I love being a missionary!


Ito po yung picture ko sa bukid. Gabi. After ng FHE. Di na po ako makita sa picture kasi maitim na ako. Haha. Yung ilaw po jan ay yung alitaptap sa kamay ko. Sobrang nakakatuwa talaga. At sobrang nakaka ignorante din.


Ito naman yung pinaka unang daga pinatay ko. Hahaha.


​Ito naman yung ulam ko yesterday. Its called Hawaiian Haystack. Sobrang masarap. Hindi po ako madalas magkarne dito. Mga once a week lang. Lagi gulay at fruits.

Sige time's up! I love you all!

Lunes, Disyembre 1, 2014

First Companion Exchange; First Funeral Service Talk!

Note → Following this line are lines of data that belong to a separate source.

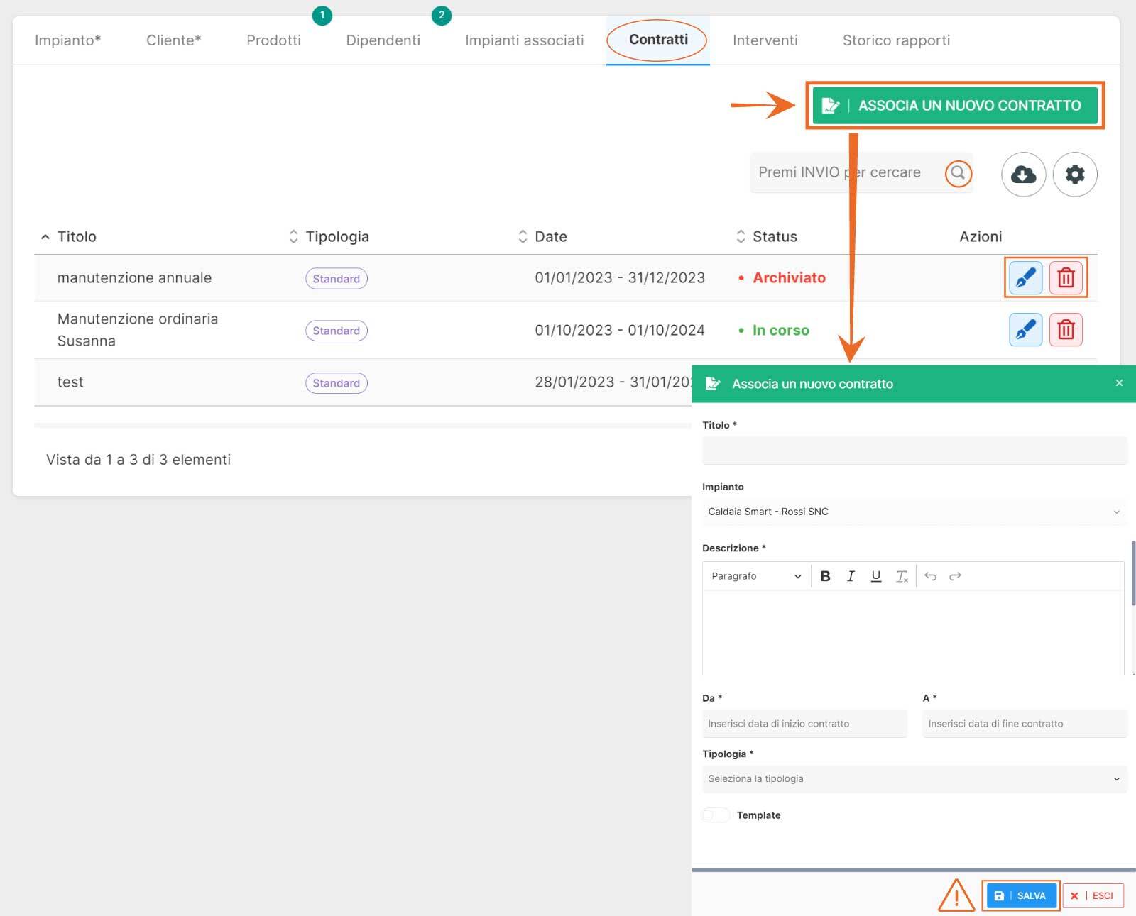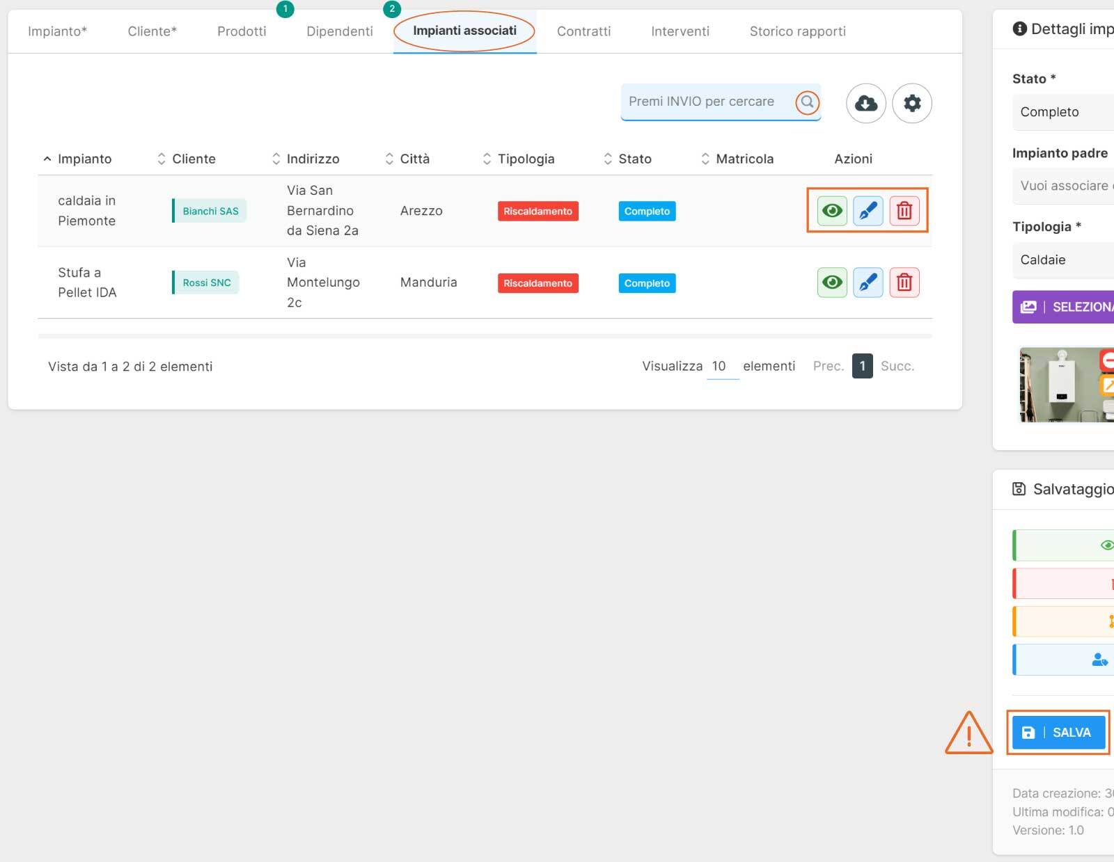 Inoltre, tramite la colonna “Azioni” puoi visualizzare o modificare un impianto associato, cliccando sull'apposito bottone corrispondente.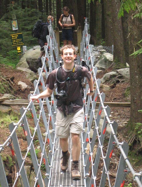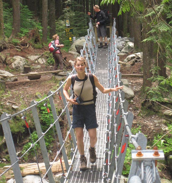 Marc crossing the bridge. Anna and Seppel are in the background.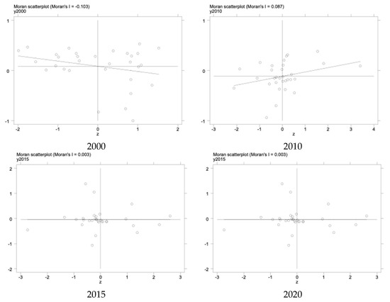 Moran scatter plot for 2000, 2010, 2015, and 2020. Drawn by the author.

I love this week so much! Last night, I was so excited to tell my family all the things that happened this week UNTIL… we had an accounting of our key indicators. It made me sad. It is so ironic how this week has been the best week for me as a missionary, yet we had our key indicators heading downhill. But ahh. These KIs cannot change the love I have for this week!

On Tuesday, we had our district meeting, and as usual it has been so powerful. It inspired me to always ask myself “What more can I do?”. It inspired me to always raise the bar!

On Wednesday, we had splits with the Sister Training Leaders! I was so happy. I have learned so many things from Sister Lange. She had no idea how excited I was to be with her at least for one day! The very first time I met Sister Lange in my first district meeting, I felt that there’s something special in her that I want to emulate. She has this kind of confidence that makes everybody around her feel comfortable and confident in themselves too. The confidence that she has is NOT the one that comes from being proud on one’s own abilities. It is the confidence that comes from the knowledge that she is a literal daughter of a Diety – that in His strength, she can do all things! I love Sister Lange so much. She teaches by example. And she helped me so much in improving my teaching skills.

And yes, I love my trainer too! Sister Crystal is so hardworking. She is the perfect example of what-more-can-I-do missionary. I couldn’t ask for more.

On Thursday, we taught some of Heavenly Father’s children back in our area. We taught Sister Rizalyn, an investigator. She is a golden one! She reads (and understands!) the Book of Mormon way better than a member. And I mean it seriously. And in every teaching appointment, she always volunteers herself to offer the opening prayer. I am so happy for her. Now we’re trying to look for ways so she and Jay Ar get married so she can be baptized.

And on Thursday night (9:30 pm) , all of the sudden, bishop told us that I would be one of the speakers in the funeral for Friday morning. Needless to say, I freaked out. I was like… “Why didn't they tell me earlier?? I should have prepared with enough time!!” Speaking at a funeral service is a big deal for me (and to the Lord) and they were asking me to do it in a RUSH? This is hastening the work of salvation. Not RUSHING the work of salvation!! But aaah, since I sustain Bishop and I know he has been called of God, I willingly submitted myself. I just prayed so hard that I would be relying completely to the Spirit in making and delivering the talk, and I am so grateful God has answered my prayer. I love being a missionary! And what a privilege it is to have one of the members of the Godhead—the Holy Ghost to be a constant companion!!!

For now, we are focusing on how we are going to help everybody study their scriptures. Since a new year is going to start soon, we started extending the challenge to finish reading the Book of Mormon by December 31, 2015. We also make it our companionship goal to always ask everyone we teach what spiritual experiences they have recently. For them to see God’s hand in their lives DAILY. To help them know that God is in the details of their lives.

Oh how I love being a missionary!

In our apartment. "Ako ay nakakita"

Exchanges with STLs. Such a great day!